Thursday, June 17, 2010

"Small People"


As the NY Times states today:


Mr. Svanberg, looking somber as he left the White House, confirmed to waiting reporters that the president seemed “frustrated because he cares about the small people.” But he added: “People say that large oil companies don’t care about the small people. But we care. We care about the small people.”

The “small people” comment set off an immediate uproar in the blogosphere and elsewhere from people who said it showed BP’s indifference to those harmed by the spill. A BP spokesman called the remark a “slip in translation” by Mr. Svanberg, who is Swedish. Later Wednesday Mr. Svanberg apologized, saying he was “very sorry” he had spoken “clumsily.”

The poor fellow, he probably only speaks three or four languages and he tried to make a sympathetic comment and then the Americans dropped the hammer on him.

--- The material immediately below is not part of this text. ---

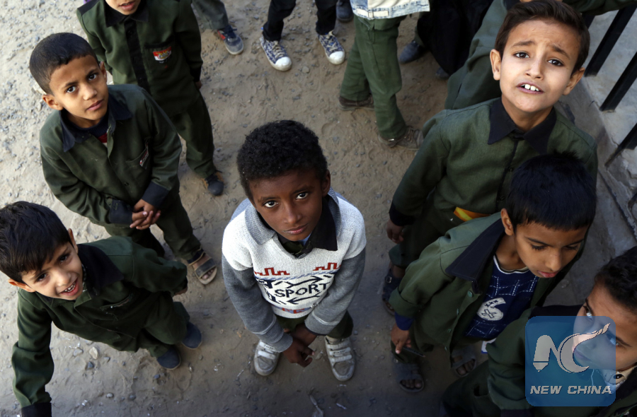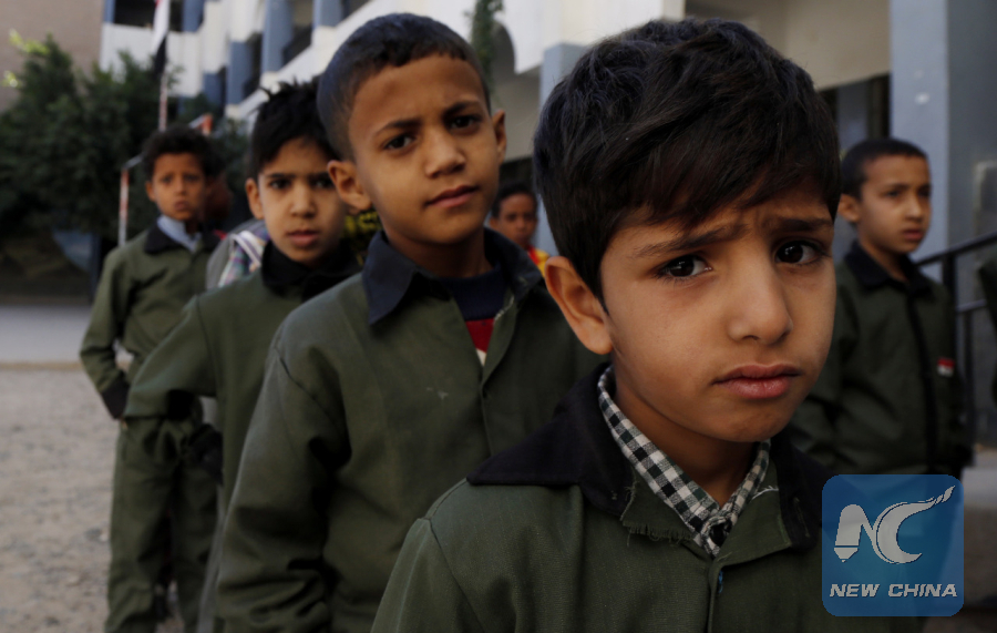 SANAA, Oct. 10 (Xinhua) -- In a public elementary school in Yemen's rebel-held capital Sanaa, more than 200 pupils crammed inside a small classroom that normally accommodated no more than 20 students.

Having spent parts of two decades in other countries and having a modicum of facility in six languages I can appreciate how this can happen. I have done it in French many times, and in Italian my Sicilian dialect from Staten Island has gotten me in trouble many times in Florence, even though I was trying. In Greece, my Greek is better than my Italian but I have had from time to time use both with a taxi driver from the airport. Then in Russia I often wonder what I have told my driver, I have some reasonable facility but when you wander into local colloquialisms you often get in trouble.

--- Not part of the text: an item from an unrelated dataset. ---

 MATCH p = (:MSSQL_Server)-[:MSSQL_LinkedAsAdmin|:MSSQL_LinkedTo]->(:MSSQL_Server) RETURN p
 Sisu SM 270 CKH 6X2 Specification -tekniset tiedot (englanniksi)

Having done this and having some capability I can appreciate the problem. My Spanish is New York and when in Spain they think I sound like some creature from Mars. My French I have been told is Mauritanian, and that I would not touch with commentary. Yet I try out of respect for the people in the country in which I operated. Americans in Europe, and Asia, are often morbidly obese, wearing a t-shirt with some statement of abuse on both front and back, having some sneaker type foot wear, carrying about their girth a fanny pack, and wearing the universal baseball cap with the home team. And that is not an affront to the locals?